- Born: 4 March 1895 York, England
- Died: 25 November 1917 (aged 22) Ypres, Belgium
- Burial place: Vlamertinge, Belgium
- Known for: Quaker who later decided to fight as a soldier
- Notable work: Journal and letters
- Parents: John Wilhelm Rowntree (father); Constance Naish (mother);
- Relatives: Joseph Rowntree (grandfather)

= Lawrence Rowntree =

British soldier (1895–1917)

Lawrence Edmund Rowntree (4 March 1895 - 25 November 1917) was a British soldier killed during the First World War. He was the only son of John Wilhelm Rowntree of the Quaker Rowntree family and Constance Naish, and grandson of Joseph Rowntree.

Born in York and having grown up in Scalby, Rowntree was educated at Bootham School, and began to study medicine at King's College, Cambridge in 1913.

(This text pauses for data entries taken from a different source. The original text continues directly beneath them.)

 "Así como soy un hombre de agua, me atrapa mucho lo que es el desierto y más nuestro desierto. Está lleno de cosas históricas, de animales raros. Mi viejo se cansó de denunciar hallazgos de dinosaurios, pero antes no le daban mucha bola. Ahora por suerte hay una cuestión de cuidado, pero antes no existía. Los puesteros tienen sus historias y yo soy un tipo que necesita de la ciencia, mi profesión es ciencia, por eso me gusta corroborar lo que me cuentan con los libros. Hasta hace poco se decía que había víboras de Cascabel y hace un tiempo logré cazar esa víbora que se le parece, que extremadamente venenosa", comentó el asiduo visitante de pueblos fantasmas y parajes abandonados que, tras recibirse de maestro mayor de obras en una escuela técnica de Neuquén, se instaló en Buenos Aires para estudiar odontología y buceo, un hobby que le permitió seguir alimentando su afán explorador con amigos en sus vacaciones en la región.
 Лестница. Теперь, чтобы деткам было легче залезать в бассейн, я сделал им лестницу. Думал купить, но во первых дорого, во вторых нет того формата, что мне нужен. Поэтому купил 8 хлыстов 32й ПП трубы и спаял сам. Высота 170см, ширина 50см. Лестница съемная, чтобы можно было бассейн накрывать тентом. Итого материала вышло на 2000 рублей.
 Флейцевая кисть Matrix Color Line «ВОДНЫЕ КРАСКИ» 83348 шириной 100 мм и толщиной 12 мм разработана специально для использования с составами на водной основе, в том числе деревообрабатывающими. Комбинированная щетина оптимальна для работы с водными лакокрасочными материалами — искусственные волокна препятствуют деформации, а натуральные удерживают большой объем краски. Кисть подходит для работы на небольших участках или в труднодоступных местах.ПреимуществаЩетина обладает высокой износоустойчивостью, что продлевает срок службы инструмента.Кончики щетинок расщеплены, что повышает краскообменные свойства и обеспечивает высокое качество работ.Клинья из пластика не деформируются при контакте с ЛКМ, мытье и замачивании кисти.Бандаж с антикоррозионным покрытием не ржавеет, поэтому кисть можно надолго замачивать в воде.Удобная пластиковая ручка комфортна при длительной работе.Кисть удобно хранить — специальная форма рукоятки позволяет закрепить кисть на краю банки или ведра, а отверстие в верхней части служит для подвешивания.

On the outbreak of the First World War Rowntree volunteered for the Friends' Ambulance Unit in 1914, being deployed in October to Dunkirk and Belgium as an orderly and driver. He brought his grandfather's car from Britain to Europe, converting it into an ambulance. In April 1915, he criticised French stretcher-bearers for their cruelty, reporting that he had seen four of them "drop a wounded man off a stretcher from shoulder height, and laugh". He also wrote that men in the hospital sheds were in straw beds "thick with dirt, blood and septic dressings" from their previous occupants. In May, he wrote of his struggles with shell shock and his emotions:when anyone closed a door or took his boots off, we arose and slew him ... you don't mind the thought of being wounded, you don't mind the thought of death – much, but there is that great black fear sitting there, and making you feel the lowest of miserable worms.

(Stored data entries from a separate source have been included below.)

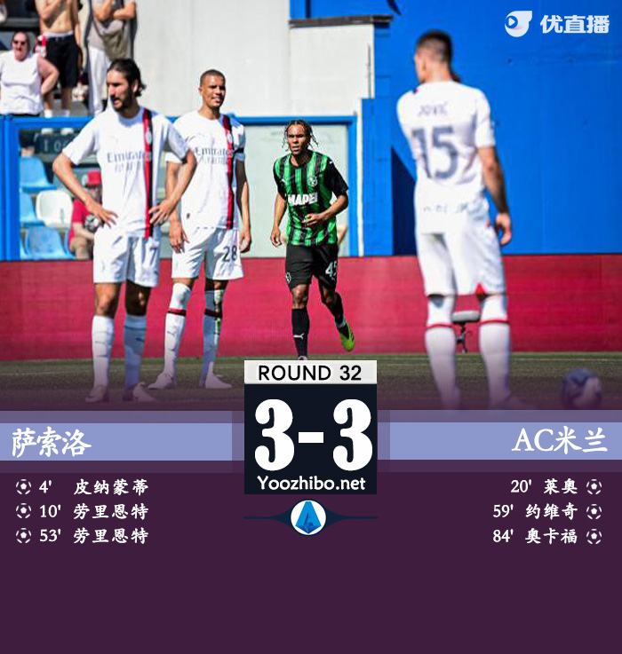 JRS直播网讯:北京时间4月14日,意甲联赛迎来第32轮的激烈对决,萨索洛与AC米兰展开了激烈的较量。上半场刚开场皮纳蒙蒂闪击建功,随后劳里恩特突入禁区射门被扑随后补射破门,之后莱奥1V2后低射追回一球。下半场阿德利被抢断,劳里恩特破门完成双响,随后莱奥外脚背传中被扑,约维奇补射破门,比赛尾声加比亚胸部一停,奥卡福尔抽射扳平,本场比赛丘库埃泽两粒进球被吹体毛越位。最终米兰3-3战平萨索洛。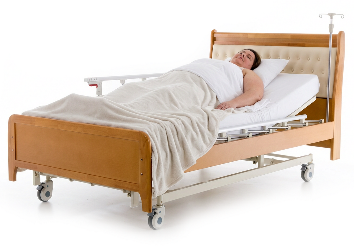 Extra széles, egészségügyi, elektromosan állítható ágy elegáns kialakítással, amely ideális otthoni használatra és ápolási intézményekbe egyaránt.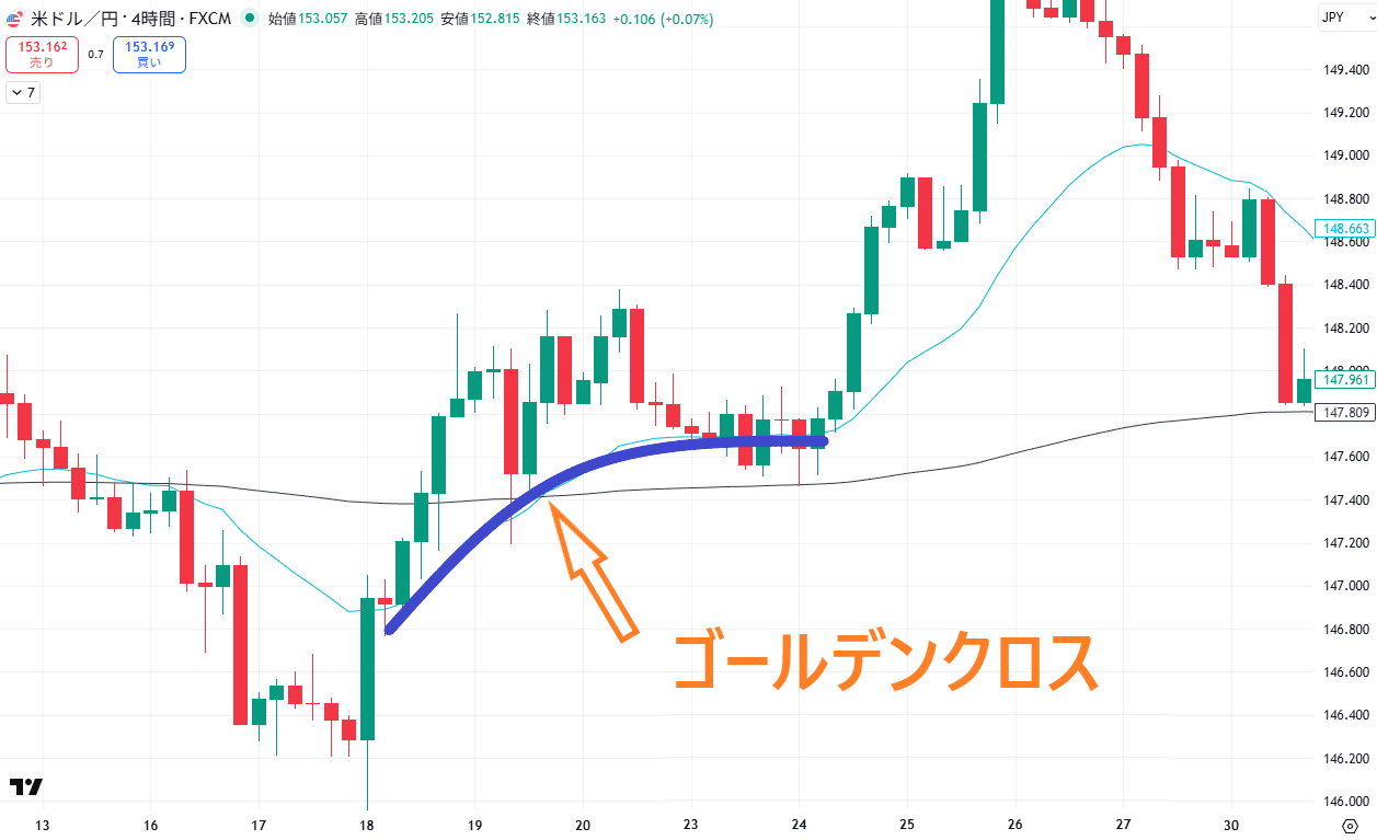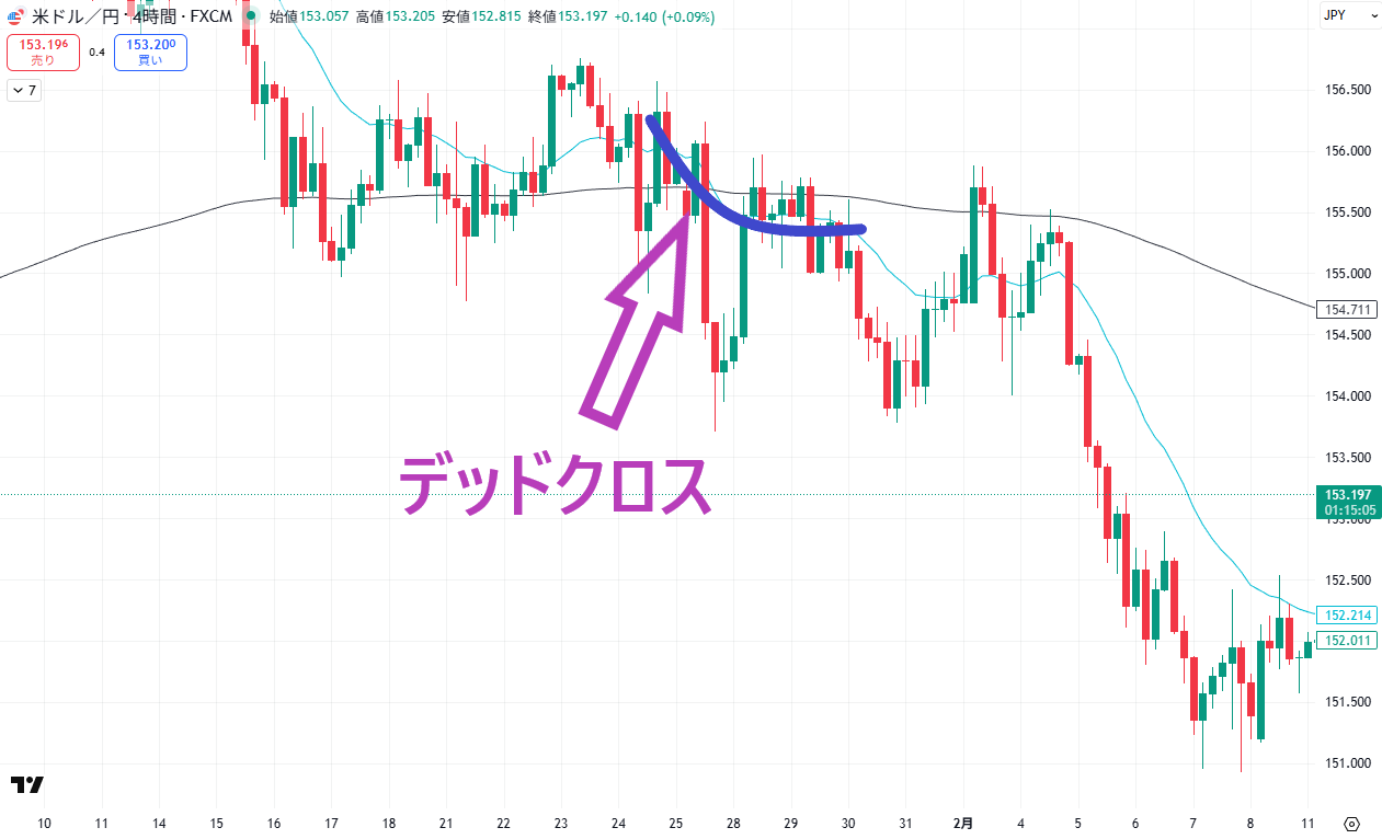 移動平均線のクロス・傾きで方向を確認

Rowntree was injured and sent to England to heal, writing up his journal in 1916. Despite his family's pacifist beliefs, he later decided to fight as a soldier (declining to register as a conscientious objector under the Military Service Act 1916), telling his mother in a letter that he had been "feeling a call". He joined the Royal Tank Regiment in 1916, and was injured in the buttocks. He was then commissioned as a second lieutenant into the Royal Field Artillery in 1917 and was killed in the Ypres Salient on 25 November 1917, several weeks after the Battle of Passchendaele had ended.

Rowntree was buried in Vlamertinghe New Military Cemetery in Vlamertinge, West Flanders, Belgium. The headstone bears the inscription Only Son of J.W. Rowntree, Scaley "I believe in the life everlasting" His grandfather, Joseph, spoke of his death for years after, calling him "my dear Lawrie".

Rowntree's letters to his mother Constance, 1901–1917, are deposited at the Borthwick Institute for Archives in York, having been found by his great-niece. In 2017, a century after his death, an exhibition of his journal and theatrical performances of his life were held at York Castle Museum.